24. Appellant also argues that Will Seamster somehow lacked mental capacity to enter into the Lease and cites Succession of Molaison, 34 So.2d 897 (La. 1948), in support of his proposition that courts can undo a contract entered into between parties where one party is of "limited mental capacity and one [is] experienced in business affairs." (See D.I. 5 at 2; D.I. 12 at 1, 6-7). In response, Debtors cite cases demonstrating that the Molaison decision has been widely criticized and distinguished and further argue that the case is factually distinguishable. (See D.I. 20 at 27-28). Debtors also point out that Appellant has provided no authority to support the proposition that the holding in Molaison would overcome Louisiana's prescriptive statutory period. (See id.). Debtors argue that even if the Court applied Molaison's holding, Appellant still would not prevail because he has not shown that Will Seamster fits the narrow category of people that the Louisiana court sought to protect in that case — i.e., a person of limited mental capacity. (See id. at 28). The Court agrees with Debtors. Appellant argues that Will Seamster had no formal education, a submission allegedly supported by U.S. census data (id.; D.I. 13 at 2), but offers nothing in support of his assertion that Will Seamster lacked mental capacity. Even construed liberally, Appellant does not allege that his great-grandfather was mentally disabled, nor did he introduce any evidence that could support such a finding.

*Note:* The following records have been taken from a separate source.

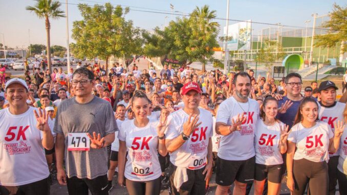 Cd. Victoria, Tamaulipas. – Con la participación de más de 350 corredores, la presidenta del Sistema DIF Victoria Lucía Rodríguez de Gattás y el alcalde Lalo Gattás, encabezaron este sábado la primera edición de la carrera «Pasos por la Educación» organizada para brindar apoyo a niñas y niños de escasos recursos con útiles escolares. Con el mensaje «el deporte unifica, fortalece los valores y da una mentalidad ganadora», Lucy y Lalo guiaron el contingente de niños, jóvenes y adultos mayores de Victoria por los 5 kilómetros de distancia, en el que participó el Club Sin Límite de deporte adaptado.
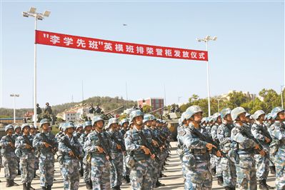 “赓续光荣传统,争做‘李学先班’传人……”军委政治工作部为获得重大荣誉的英模班排制作的荣誉柜下发部队后,海军陆战队某旅第一时间举行荣誉柜发放仪式,为前身为“李学先班”的机步四连二班发放荣誉柜。
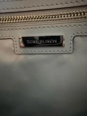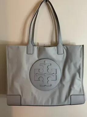 Authentic Tory Burch. Stylish blue/grey tote with a prominent circular logo patch. Smooth finish and double shoulder straps for easy carry. Neutral grey complements any outfit for daily use.

25. Appellant's overall argument is that his Claim should be allowed because the Lease was obtained by fraud or that it otherwise is unconscionable, but Appellant adduced no evidence to support these assertions. (See D.I. 10-11). Debtors, on the other hand, put on testimony to establish that the royalty rate set under the Lease was standard for such leases and that its terms were otherwise ordinary. (See SA811-12 at 23:5-24:18). None of the documents that Appellant cites and relies upon altered the mineral royalty granted under the Lease or the calculation of Appellant's inherited percentage of that mineral royalty.